#### INSTRUCTIONS TO FOLLOW:
Your answer must be an exact copy of the lines from the one containing "The Inverted Hammer" through the last line of the records below, with no pictures; please include nothing else.

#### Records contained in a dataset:

■ ■ ■ ■ ■

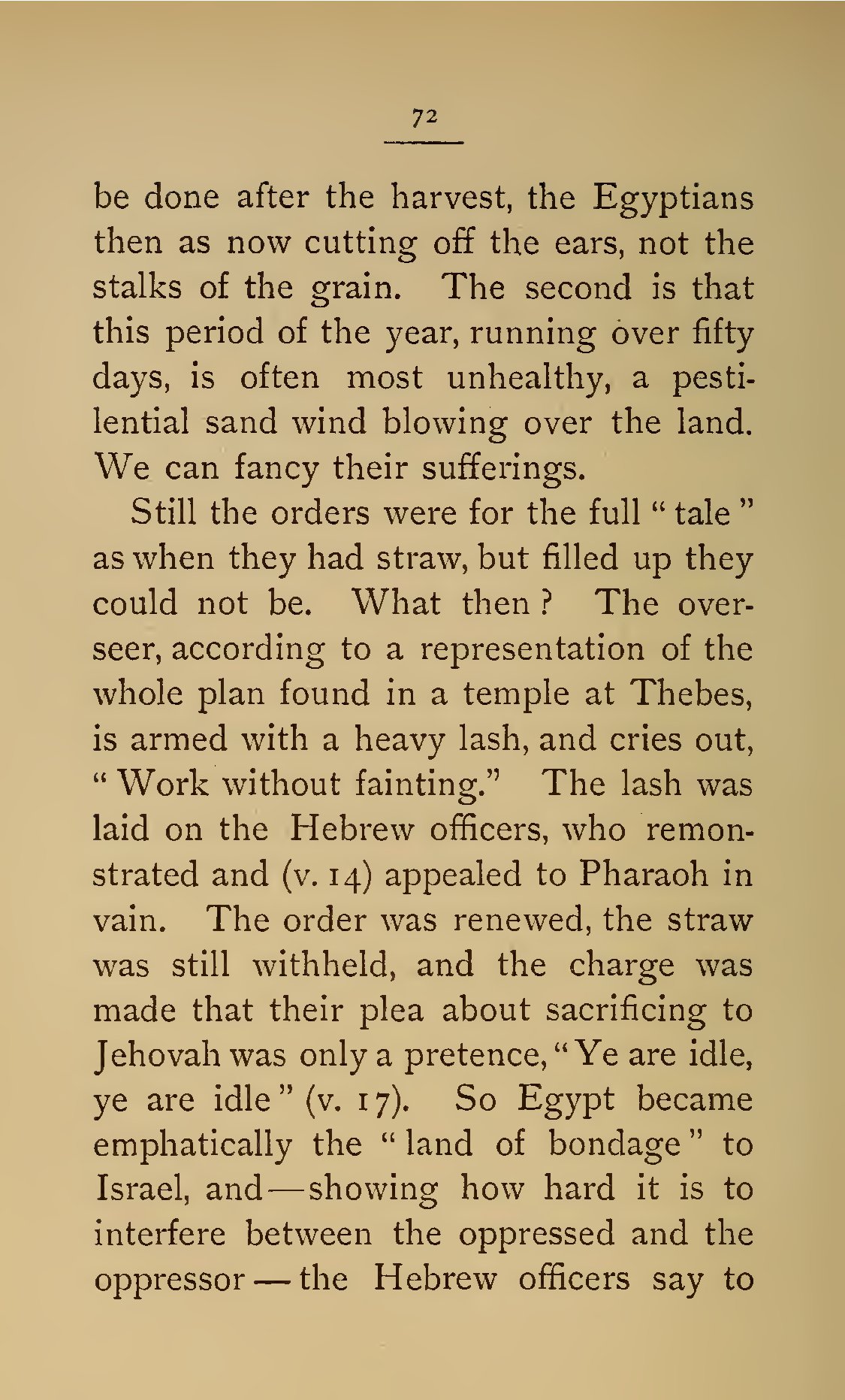 - 72 be done after the harvest, the Egyptians then as now cutting off the ears, not the stalks of the grain. The second is that this period of the year, running over fifty days, is often most unhealthy, a pestilential sand wind blowing over the land. We can fancy their sufferings. Still the orders were for the full “tale” as when they had straw, but filled up they could not be. What then? The overseer, according to a representation of the whole plan found in a temple at Thebes, is armed with a heavy lash, and cries out, “Work without fainting.” The lash was laid on the Hebrew officers, who remonstrated and (v. 14) appealed to Pharaoh in vain. The order was renewed, the straw was still withheld, and the charge was made that their plea about sacrificing to Jehovah was only a pretence, “Ye are idle, ye are idle” (v. 17). So Egypt became emphatically the “land of bondage” to Israel, and—showing how hard it is to interfere between the oppressed and the oppressor—the Hebrew officers say to
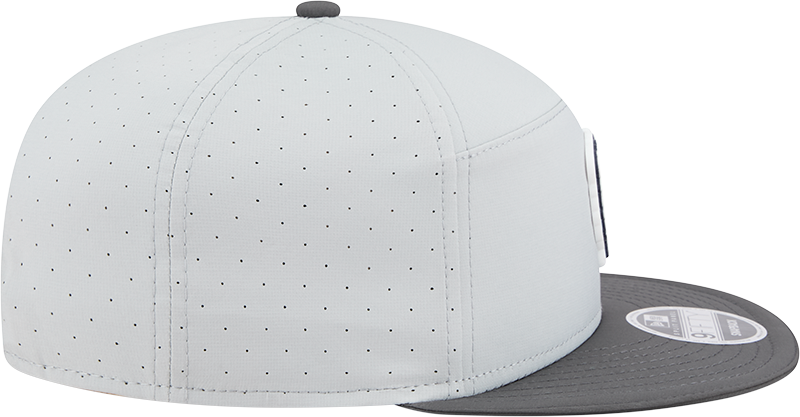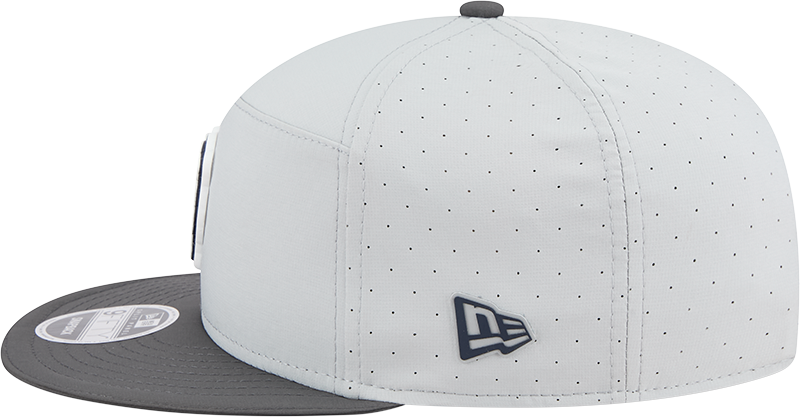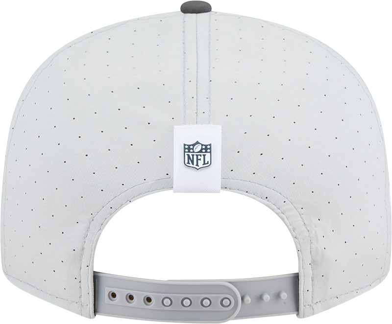 Crafted for performance and style, the Men's Chicago Bears New Era 9FIFTY Snapback Hat features a high crown and structured fit that mirrors the iconic 59FIFTY silhouette with an adjustable open back for customized comfort. Constructed from a breathable 97% polyester and 3% spandex blend, its perforated mid and rear panels enhance ventilation during intense training sessions. The split-panel design, complemented by a contrast-color flat bill and multi-layer visor with team stripes, delivers a distinctive look. A rubberized team logo is meticulously stitched on the front, while the woven NFL clip tag on the back authenticates this officially licensed Training Camp gear. Easy to maintain with a simple wipe clean, this one-size-fits-most snapback is engineered for fans and professionals alike.
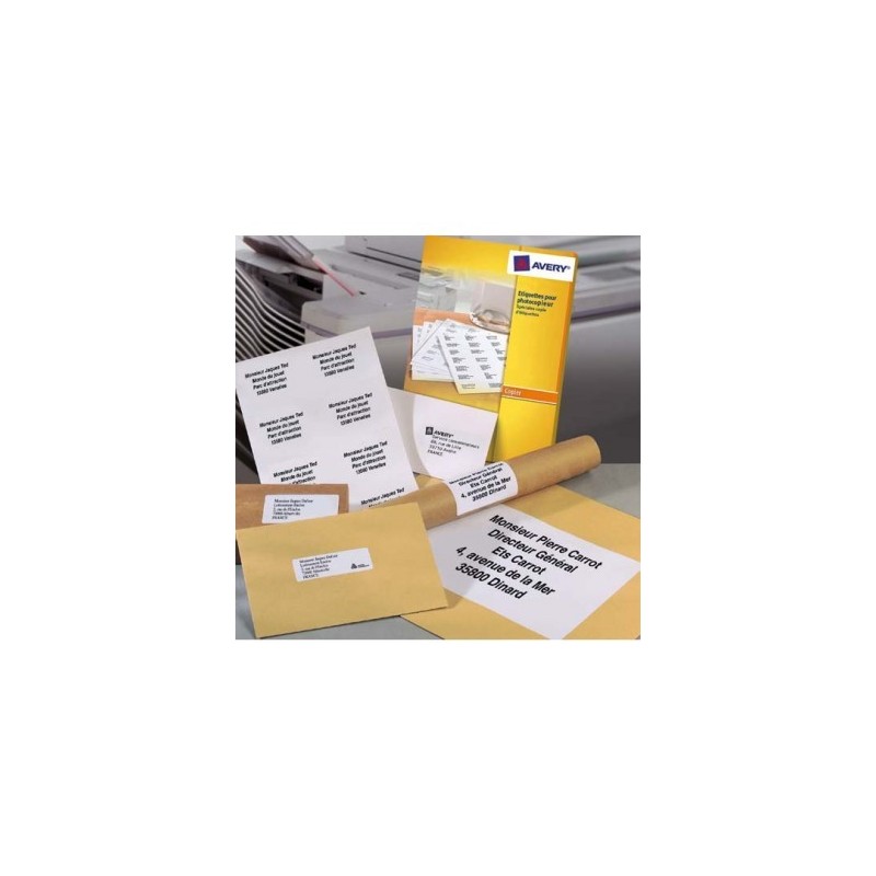 Boîte de 3300 étiquettes Avery - copieur monochrome - 70x26 blanc - DP033 - 100 planches. Conçue pour un passage optimal en photocopieur gros volume. Recommandée pour mailings, messages répétitifs, identification de produits. Étiquette blanche adhésive à angles vifs prédécoupée en planche A4. Spécial copieurs haute cadence !
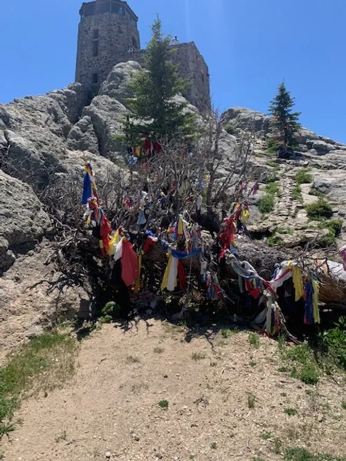 This photo is from the top of Black Elks Peak, Custer State Park, South Dakota. In foreground is Native American prayer flags and in background is a stone built fire tower completed in 1938.
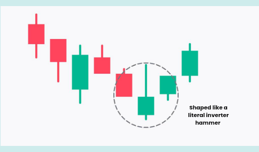 The Inverted Hammer is a bullish reversal pattern that appears at the bottom of a downtrend. It looks like a Shooting Star, but its context is the opposite.
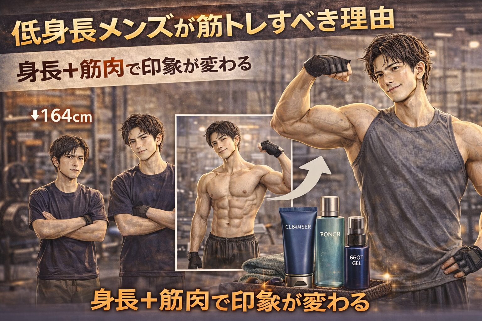 低身長は変えられない。でも体型・姿勢・シルエット・自信は変えられます。しかも低身長の方が同じ筋トレをして筋肉が「目立ちやすい」という明確なアドバンテージがあります。

■ ■ ■ ■ ■

#### EXERCISE SOLUTION:
 The Inverted Hammer is a bullish reversal pattern that appears at the bottom of a downtrend. It looks like a Shooting Star, but its context is the opposite.
 低身長は変えられない。でも体型・姿勢・シルエット・自信は変えられます。しかも低身長の方が同じ筋トレをして筋肉が「目立ちやすい」という明確なアドバンテージがあります。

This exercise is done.